Oh twinny - dogs just live in our heart, don't they? That had to be a hard thing to witness, but it says such sweet things about you, your mom, and your Meggie.


----------



## Heidi36oh (Feb 27, 2007)

I'm sorry for you're loss, you're Mom must miss her a lot too talking to her picture. Bless you, I know it's hard.


----------



## Oaklys Dad (Dec 28, 2005)

What a wonderful bittersweet moment! Must have put a lump in your throat and a smile on your face at the same time.


----------



## nellie'smom (Dec 27, 2007)

twinny41 said:


> Today I overheard my Mum talking to Meg's photo. Nothing too strange about that but since I lost Meg in January, Mum has never mentioned her. You see she is 86 and has dementia and I thought she had forgotten about her. Then today, when she thought she was alone, I heard her talking to someone and on investigating - she was talking to my Meggie! Stroking her photo and telling her she was a beautiful Meggie Moo! Absolutely polisehed me off for the day I can tell you. I have enough trouble holding myself together at the best of times!

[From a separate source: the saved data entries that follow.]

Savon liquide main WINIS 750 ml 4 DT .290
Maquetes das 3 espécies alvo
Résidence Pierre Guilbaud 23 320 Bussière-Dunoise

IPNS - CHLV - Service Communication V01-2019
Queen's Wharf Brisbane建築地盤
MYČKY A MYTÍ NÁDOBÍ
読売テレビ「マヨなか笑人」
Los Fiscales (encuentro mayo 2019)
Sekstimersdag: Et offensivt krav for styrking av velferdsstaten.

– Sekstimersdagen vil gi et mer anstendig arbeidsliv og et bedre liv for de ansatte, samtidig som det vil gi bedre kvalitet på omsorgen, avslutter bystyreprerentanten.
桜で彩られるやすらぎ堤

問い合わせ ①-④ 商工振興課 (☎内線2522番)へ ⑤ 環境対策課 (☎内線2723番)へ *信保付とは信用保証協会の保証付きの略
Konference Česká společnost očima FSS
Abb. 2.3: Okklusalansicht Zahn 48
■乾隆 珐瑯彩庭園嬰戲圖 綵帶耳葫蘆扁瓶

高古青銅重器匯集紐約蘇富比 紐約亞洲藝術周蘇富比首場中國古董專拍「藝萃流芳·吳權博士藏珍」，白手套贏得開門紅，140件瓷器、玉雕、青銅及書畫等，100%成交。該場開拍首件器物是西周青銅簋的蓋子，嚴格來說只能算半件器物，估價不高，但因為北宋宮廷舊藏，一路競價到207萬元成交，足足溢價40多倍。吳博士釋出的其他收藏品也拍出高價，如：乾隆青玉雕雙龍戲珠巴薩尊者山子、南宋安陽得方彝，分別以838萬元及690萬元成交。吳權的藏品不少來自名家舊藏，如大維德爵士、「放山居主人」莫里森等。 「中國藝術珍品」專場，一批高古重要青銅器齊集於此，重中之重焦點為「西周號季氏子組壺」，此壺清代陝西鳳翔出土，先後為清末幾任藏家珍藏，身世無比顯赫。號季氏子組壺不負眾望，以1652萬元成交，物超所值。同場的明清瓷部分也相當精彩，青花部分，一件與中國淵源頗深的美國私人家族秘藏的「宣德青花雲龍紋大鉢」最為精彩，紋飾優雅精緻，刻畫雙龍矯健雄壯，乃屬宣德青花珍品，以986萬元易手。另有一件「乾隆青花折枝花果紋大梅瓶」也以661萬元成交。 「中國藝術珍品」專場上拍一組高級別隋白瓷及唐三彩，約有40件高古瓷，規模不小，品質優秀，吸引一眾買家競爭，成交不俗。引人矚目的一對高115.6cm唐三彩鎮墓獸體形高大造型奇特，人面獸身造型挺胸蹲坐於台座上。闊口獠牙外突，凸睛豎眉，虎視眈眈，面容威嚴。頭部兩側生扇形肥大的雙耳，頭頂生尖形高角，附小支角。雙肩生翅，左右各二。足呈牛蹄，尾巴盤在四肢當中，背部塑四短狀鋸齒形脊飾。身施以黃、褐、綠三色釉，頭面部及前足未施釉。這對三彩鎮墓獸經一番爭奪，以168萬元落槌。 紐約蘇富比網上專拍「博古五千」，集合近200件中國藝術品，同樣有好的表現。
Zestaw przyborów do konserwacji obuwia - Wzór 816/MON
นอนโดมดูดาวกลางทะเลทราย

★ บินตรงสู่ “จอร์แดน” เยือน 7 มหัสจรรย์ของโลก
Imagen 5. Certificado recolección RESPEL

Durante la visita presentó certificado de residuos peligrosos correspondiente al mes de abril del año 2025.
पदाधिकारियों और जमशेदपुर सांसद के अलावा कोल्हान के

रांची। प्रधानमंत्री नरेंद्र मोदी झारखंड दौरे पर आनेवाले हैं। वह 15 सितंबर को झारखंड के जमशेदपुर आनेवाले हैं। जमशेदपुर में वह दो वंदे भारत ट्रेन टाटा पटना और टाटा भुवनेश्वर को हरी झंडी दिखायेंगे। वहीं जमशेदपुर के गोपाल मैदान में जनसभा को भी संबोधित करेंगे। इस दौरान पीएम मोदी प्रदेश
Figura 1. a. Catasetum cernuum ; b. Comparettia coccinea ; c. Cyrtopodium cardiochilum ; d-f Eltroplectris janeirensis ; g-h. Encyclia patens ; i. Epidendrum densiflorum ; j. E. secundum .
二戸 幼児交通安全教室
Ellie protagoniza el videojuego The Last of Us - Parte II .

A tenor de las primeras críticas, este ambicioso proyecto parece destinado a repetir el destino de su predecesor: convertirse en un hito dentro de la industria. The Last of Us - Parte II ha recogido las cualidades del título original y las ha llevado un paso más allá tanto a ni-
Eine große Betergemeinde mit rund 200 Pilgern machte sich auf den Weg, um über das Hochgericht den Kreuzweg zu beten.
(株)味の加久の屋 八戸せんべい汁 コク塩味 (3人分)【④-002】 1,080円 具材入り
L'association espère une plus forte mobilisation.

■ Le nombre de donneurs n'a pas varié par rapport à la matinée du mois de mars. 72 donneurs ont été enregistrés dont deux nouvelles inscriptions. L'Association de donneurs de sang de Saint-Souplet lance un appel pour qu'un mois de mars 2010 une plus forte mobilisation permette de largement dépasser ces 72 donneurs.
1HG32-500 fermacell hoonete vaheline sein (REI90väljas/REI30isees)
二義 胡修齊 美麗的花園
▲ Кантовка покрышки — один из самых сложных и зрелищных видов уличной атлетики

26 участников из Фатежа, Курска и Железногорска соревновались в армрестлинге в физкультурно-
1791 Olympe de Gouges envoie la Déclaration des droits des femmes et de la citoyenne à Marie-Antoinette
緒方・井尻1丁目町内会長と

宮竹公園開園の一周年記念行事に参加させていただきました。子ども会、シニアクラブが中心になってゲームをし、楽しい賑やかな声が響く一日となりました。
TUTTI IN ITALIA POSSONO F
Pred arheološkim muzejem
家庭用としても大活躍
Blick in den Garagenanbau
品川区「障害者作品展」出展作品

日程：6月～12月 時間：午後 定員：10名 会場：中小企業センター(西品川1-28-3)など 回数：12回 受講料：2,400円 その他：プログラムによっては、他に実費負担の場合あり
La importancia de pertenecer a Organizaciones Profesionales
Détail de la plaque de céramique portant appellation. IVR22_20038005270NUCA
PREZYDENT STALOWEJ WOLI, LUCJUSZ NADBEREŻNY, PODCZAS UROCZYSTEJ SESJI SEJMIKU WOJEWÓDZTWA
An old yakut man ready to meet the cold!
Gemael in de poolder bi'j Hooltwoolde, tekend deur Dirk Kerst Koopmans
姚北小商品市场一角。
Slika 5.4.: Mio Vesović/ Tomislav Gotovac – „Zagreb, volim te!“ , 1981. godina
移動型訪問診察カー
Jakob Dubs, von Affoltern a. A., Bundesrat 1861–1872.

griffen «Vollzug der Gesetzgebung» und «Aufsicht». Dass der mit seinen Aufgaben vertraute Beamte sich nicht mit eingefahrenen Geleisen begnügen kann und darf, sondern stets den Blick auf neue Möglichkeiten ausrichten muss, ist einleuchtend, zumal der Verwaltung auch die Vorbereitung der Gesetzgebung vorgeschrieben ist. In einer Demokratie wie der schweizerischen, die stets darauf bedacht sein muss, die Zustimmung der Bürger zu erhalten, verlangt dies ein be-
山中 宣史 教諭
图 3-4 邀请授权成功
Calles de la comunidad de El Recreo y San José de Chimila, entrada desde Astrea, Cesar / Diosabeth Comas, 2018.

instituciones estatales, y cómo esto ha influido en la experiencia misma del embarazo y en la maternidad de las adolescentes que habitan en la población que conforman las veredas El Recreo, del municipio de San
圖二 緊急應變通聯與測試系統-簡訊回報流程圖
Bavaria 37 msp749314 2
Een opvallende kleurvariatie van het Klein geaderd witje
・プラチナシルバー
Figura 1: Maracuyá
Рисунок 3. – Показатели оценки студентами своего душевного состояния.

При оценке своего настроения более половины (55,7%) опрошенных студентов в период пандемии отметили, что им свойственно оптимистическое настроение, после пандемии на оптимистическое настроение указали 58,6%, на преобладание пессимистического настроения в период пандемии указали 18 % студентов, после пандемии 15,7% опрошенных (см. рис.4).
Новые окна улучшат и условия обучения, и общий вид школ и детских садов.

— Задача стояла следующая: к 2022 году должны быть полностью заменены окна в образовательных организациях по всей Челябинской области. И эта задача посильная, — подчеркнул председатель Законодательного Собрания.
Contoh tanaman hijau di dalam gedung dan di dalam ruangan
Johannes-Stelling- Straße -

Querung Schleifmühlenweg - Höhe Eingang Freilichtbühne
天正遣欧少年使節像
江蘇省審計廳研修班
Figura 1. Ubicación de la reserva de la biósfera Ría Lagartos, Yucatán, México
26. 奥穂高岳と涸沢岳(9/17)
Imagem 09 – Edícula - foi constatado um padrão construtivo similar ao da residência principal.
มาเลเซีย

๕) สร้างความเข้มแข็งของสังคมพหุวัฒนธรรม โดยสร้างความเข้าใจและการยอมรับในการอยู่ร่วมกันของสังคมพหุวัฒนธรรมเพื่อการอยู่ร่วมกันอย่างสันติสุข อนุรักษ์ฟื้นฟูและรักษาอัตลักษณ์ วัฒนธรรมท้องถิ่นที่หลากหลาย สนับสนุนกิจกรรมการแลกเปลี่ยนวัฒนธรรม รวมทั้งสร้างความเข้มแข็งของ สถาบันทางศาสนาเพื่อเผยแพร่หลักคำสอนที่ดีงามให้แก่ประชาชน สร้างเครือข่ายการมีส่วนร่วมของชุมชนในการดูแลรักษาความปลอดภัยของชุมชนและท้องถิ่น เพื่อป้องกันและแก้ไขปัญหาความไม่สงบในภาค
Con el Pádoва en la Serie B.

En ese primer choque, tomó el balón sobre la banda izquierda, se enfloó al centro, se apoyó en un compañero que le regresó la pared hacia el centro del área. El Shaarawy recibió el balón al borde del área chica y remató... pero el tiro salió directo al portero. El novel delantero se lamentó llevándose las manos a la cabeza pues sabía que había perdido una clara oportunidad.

Aww, you just made me cry..I just lost my nana in august 05 (my mom and I took care of her for 5 years she also had dementia/alzhiemers )
What a sad, sad, disease. I have so many stories and this one reminded me of her. I'll explain if you don't mind
My pop pop always had german shepherds, we were raised with them. Well his last shepherd before he died my nana hated. Nana had no use for "schultz", well sadly my pop pop died of stomach cancer on father's day of 2000. I don't know if it was because schultz was a reminder of my pop pop but my nana and schultz became inseperable. Everywhere nana went schultz went. Nana also started to refer to schultz as her baby, her kid. Then the dementia kicked in and although funny now, my nana would do things (like put a tasty cake in the microwave in the wrapper and almost start a fire :doh and blame poor schultz! Nana would also talk to her mom and dad and she would always say I want to go home
Sorry to ramble on, but I could go on and on. I miss my nana & pop pop everyday. Your Meg was beautiful, and I would like to say bless you and your mum, I know it's hard and frustrating at times. I wish you all the best


----------



## 3 goldens (Sep 30, 2005)

Goldens are such caring dogs and suspect Meg did visit your Mom. Before my visit from Hunter thru his sister, I would never believe stories like this. But I KNOW WITHOUT A DOUBT NOW THAT THESE THINGS DO HAPPEN.


----------



## davebeech (Feb 11, 2006)

I'm happy for you that your mum still remembers your Meg so lovingly.


----------



## twinny41 (Feb 13, 2008)

Thanks for all you thoughts. Yes, it was a very emotional moment and despite Mum's dementia, I realise now that she perhaps keeps quiet about Meg to avoid upsetting me. I was so pleased to know she hadn't actually forgotten her and yes Dave she was talking to and stroking that photo really lovingly. I was absolutely wrecked!!


----------



## maggie1951 (Apr 20, 2007)

That was lovely but has started me off now like you i don't need much to start me off when i think about the girls i have lost.

Maggie


----------



## mist (Jun 23, 2007)

it must have been such a bitter sweet moment for you.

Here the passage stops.